La lucha contra el coronavirus les asegura que en comunidad pueden satisfacer las cinco necesidades vitales de las que habla el filósofo Erich Fromm: sentirse querida si cae enferma, sentirse útil y valorada, ayudando a las contagiadas, sentirse segura en la vida emprendida de combatir la epidemia, lograr la identidad de ser ella y encontrar sentido a la vocación de servir a Cristo que está en los contagiados. De lo contrario, vive con un sentimiento apagado de pertenencia a la Compañía, sin interés por lo que es comunitario y vicenciano, disminuye el amor a las compañeras y traiciona el amor a las compañeras que asumió cuando entró en la Compañía y renueva el día de la Encarnación, desapareciendo el elemento vivencial que le producía la seguridad de que, sana o enferma, formaba un solo cuerpo con las compañeras.
Aunque los fundadores hablen de seguir a Jesús y de imitarle, preferían la expresión “vaciarse de uno mismo y revestirse del Espíritu de Jesucristo”. Imitar es tener el modelo fuera, seguir es tenerlo a su lado, revestirse es asumir sus sentimientos y virtudes. Imitar y seguir es ser como Cristo, revestirse es incorporarse a la Humanidad de Cristo y es lo que se les pide a las Hijas de la Caridad: enraizarse en Jesucristo, manantial y modelo de caridad, siguiendo a san Pablo que aconseja a los colosenses: “Vivid, según Cristo Jesús, tal como le habéis recibido; enraizados y edificados en él” (2, 6s).
Aunque una joven pertenece a la Compañía desde el momento de entrar en el Seminario y se afianza por la Renovación, la pertenencia no se vive de una vez por todas, se vive día a día.

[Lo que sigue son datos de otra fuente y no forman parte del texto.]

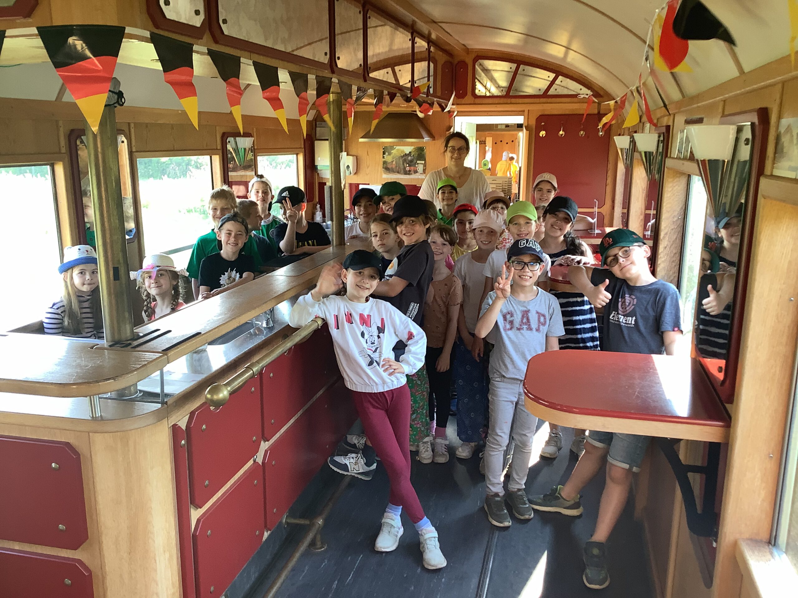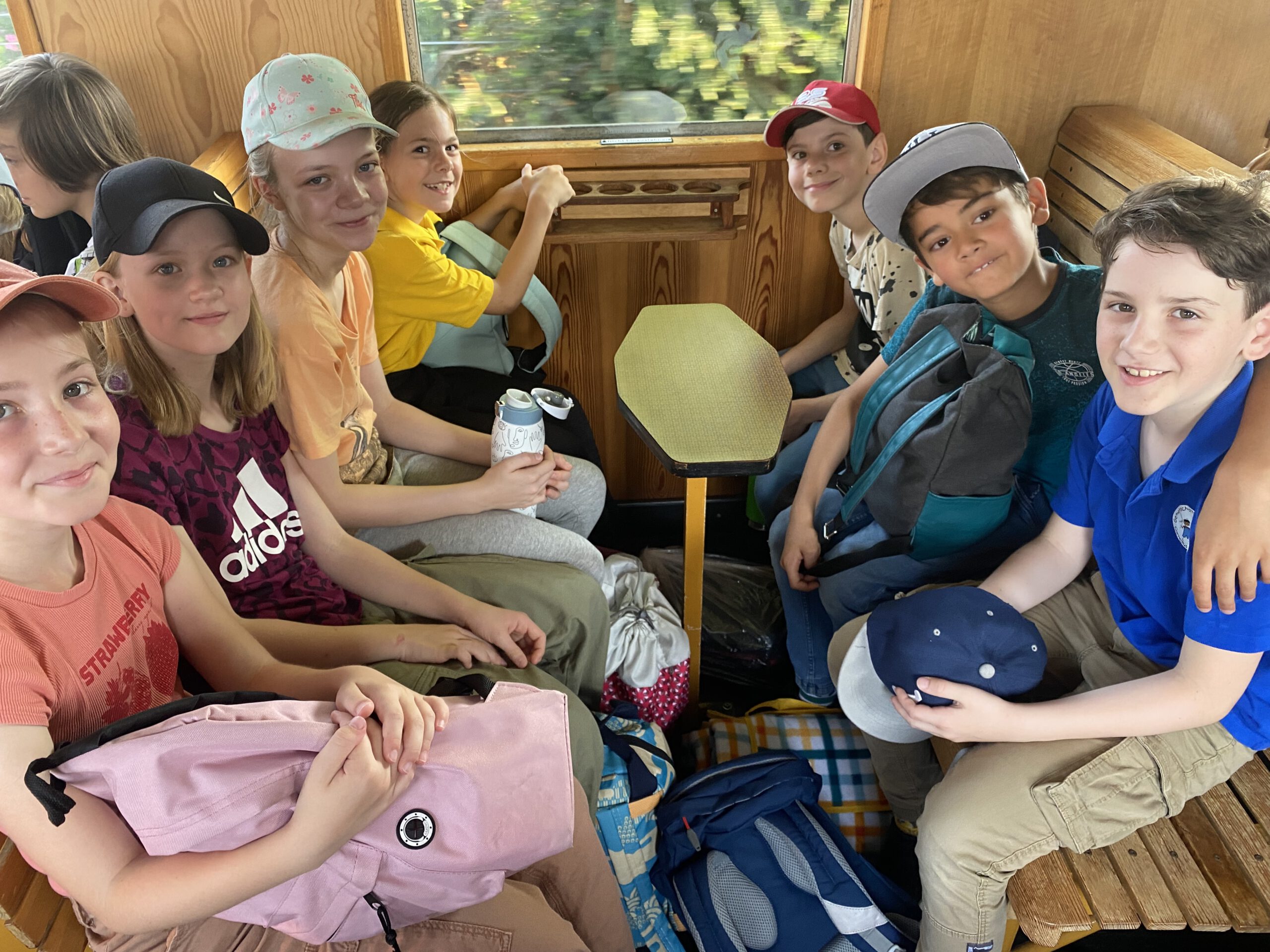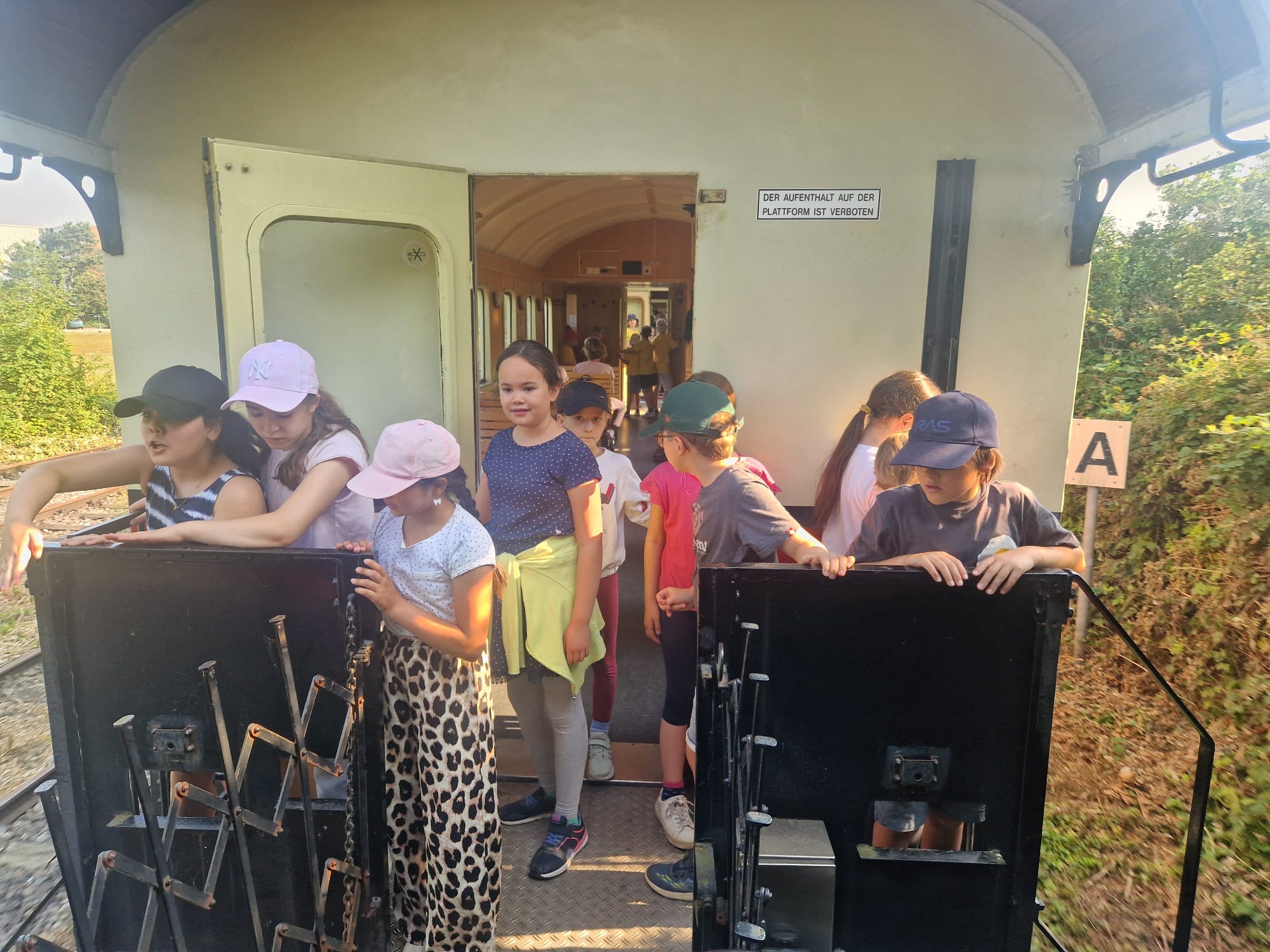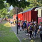 Bei warmem und herrlichem Wetter fand am Donnerstag, den 27.06. unser großer, lang vorbereiteter Schulausflug statt. Ein ganzer Zug voller Kinder, das  sorgte auch bei vielen Passanten am Wegesrand für Aufmerksamkeit. Sie winkten lachend zurück. Die Zugbegleiter waren extrem auskunftsfreundlich, so dass wir viel über den Schluff erfahren konnten.

Esto supone que la comunidad está formada por mujeres consagradas, cierto, pero mujeres, que “tienen por monasterio las casas de los enfermos y por claustro las calles de la ciudad” y pueden crear tensiones en los momentos difíciles, como es una epidemia. Tensión entre cada Hermana y la comunidad, entre la creatividad de la persona y la tentación a no cambiar estructuras y observancias que han podido quedar anticuadas, cuando viene una epidemia. A este propósito recordaba Sor Juana Elizondo en la circular del 2 de febrero de 1999: «amar a la Compañía es aceptarla con todo lo positivo que hay en ella y sin asustarnos ni desencantarnos de lo negativo. No conviene idealizarla tanto que perdamos de vista que está constituida por seres humanos y nos escandalicemos de sus fallos». Tengámolo en cuenta durante la pandemia del coronavirus.